Since Canal implements data synchronization by subscribing to MySQL’s binlog, we need to enable MySQL’s binlog write function and setbinlog-formatFor ROW mode, my configuration file is/mydata/mysql/conf/my.cnf, can be changed to the following content;

[mysqld]
Set server_id to be unique on the same LAN
server_id=101 
## Specifies the database name that does not need to be synchronized
binlog-ignore-db=mysql  
Enable the binary log function
log-bin=mall-mysql-bin  
Set the size of memory used by binary logs (transactions)
binlog_cache_size=1M  
# change the binary log format to use (mixed,statement,row)
binlog_format=row  
## Clearing time of binary log expiration.
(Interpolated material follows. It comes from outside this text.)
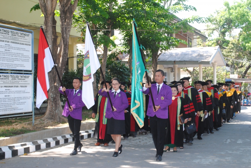 Sekolah Tinggi Teologi Intheos Surakarta pada hari Kamis, 26 September 2019 menyelenggarakan Wisuda Angkatan XXXVI untuk program sarjana dan Angkatan XV untuk program magister. Prosesi wisuda dimulai pukul 10.00 WIB dan bertempat di Aula "Andrew Evans" STT Intheos Surakarta. Wisuda pada tahun ini mengangkat tema "Tantangan Pendidikan Karakter pada Era Revolusi Industri 4.0". Menanggapi tema tersebut, Pdt. Dr. Dani Pranoto dalam khotbah wisuda tersebut menyampaikan pentingnya para wisudawan yang akan terjun ke dalam dunia pelayanan untuk dapat mengikuti dan sekaligus mengantisipasi perkembangan teknologi demi meningkatkan kualitas pelayanannya. Pebimas Kristen Jawa Tengah, Siswo Martono, S.PAK., M.Pd.K., mengapresiasi STT Intheos oleh karena pada tahun 2018 banyak lulusannya yang dapat mengisi formasi rekrutmen PNS guru PAK di wilayah Jawa Tengah. Beliau mengharapkan untuk rekrutmen tahun ini lulusan STT Intheos juga dapat berkontribusi mengisi formasi yang tersedia.

The default value is 0, indicating that automatic clearing is not performed.
expire_logs_days=7  
Skip all errors or specified types of errors encountered in master/slave replication to avoid replication interruption on slave.
Error 1032 is caused by data inconsistency between primary and secondary databases
slave_skip_errors=1062  
Copy the code

After the configuration, restart MySQL. After the restart, run the following command to check whether binlog is enabled:

show variables like '%log_bin%'
Copy the code

+---------------------------------+-------------------------------------+
| Variable_name                   | Value                               |
+---------------------------------+-------------------------------------+
| log_bin                         | ON                                  |
| log_bin_basename                | /var/lib/mysql/mall-mysql-bin       |
| log_bin_index                   | /var/lib/mysql/mall-mysql-bin.index |
| log_bin_trust_function_creators | OFF                                 |
| log_bin_use_v1_row_events       | OFF                                 |
| sql_log_bin                     | ON                                  |
+---------------------------------+-------------------------------------+
Copy the code

MySQL > select * from binlog;

show variables like 'binlog_format%';  
Copy the code

+---------------+-------+
| Variable_name | Value |
+---------------+-------+
| binlog_format | ROW   |
+---------------+-------+
Copy the code

Next, you need to create an account with secondary library privileges to subscribe to binlogcanal:canal;

CREATE USER canal IDENTIFIED BY 'canal';  
GRANT SELECT, REPLICATION SLAVE, REPLICATION CLIENT ON *.* TO 'canal'@The '%';
FLUSH PRIVILEGES;
Copy the code

Create a database for testingcanal-test, and then create a list of itemsproduct, construct the statement as follows.

CREATE TABLE `product`  (
  `id` bigint(20) NOT NULL AUTO_INCREMENT,
  `title` varchar(255) CHARACTER SET utf8 COLLATE utf8_general_ci NULL DEFAULT NULL,
  `sub_title` varchar(255) CHARACTER SET utf8 COLLATE utf8_general_ci NULL DEFAULT NULL,
  `price` decimal(10.2) NULL DEFAULT NULL,
  `pic` varchar(255) CHARACTER SET utf8 COLLATE utf8_general_ci NULL DEFAULT NULL.PRIMARY KEY (`id`) USING BTREE
) ENGINE = InnoDB AUTO_INCREMENT = 2 CHARACTER SET = utf8 COLLATE = utf8_general_ci ROW_FORMAT = Dynamic;
Copy the code

Canal – server to use

We downloaded the zip packageCanal. Deployer - 1.1.5 - the SNAPSHOT. Tar. GzUpload it to a Linux server and unzip it to the specified directory/mydata/canal-server, you can run the following command to decompress the package:

The tar - ZXVF canal. Deployer - 1.1.5 - the SNAPSHOT. Tar. GzCopy the code

After decompression, the directory structure is as follows.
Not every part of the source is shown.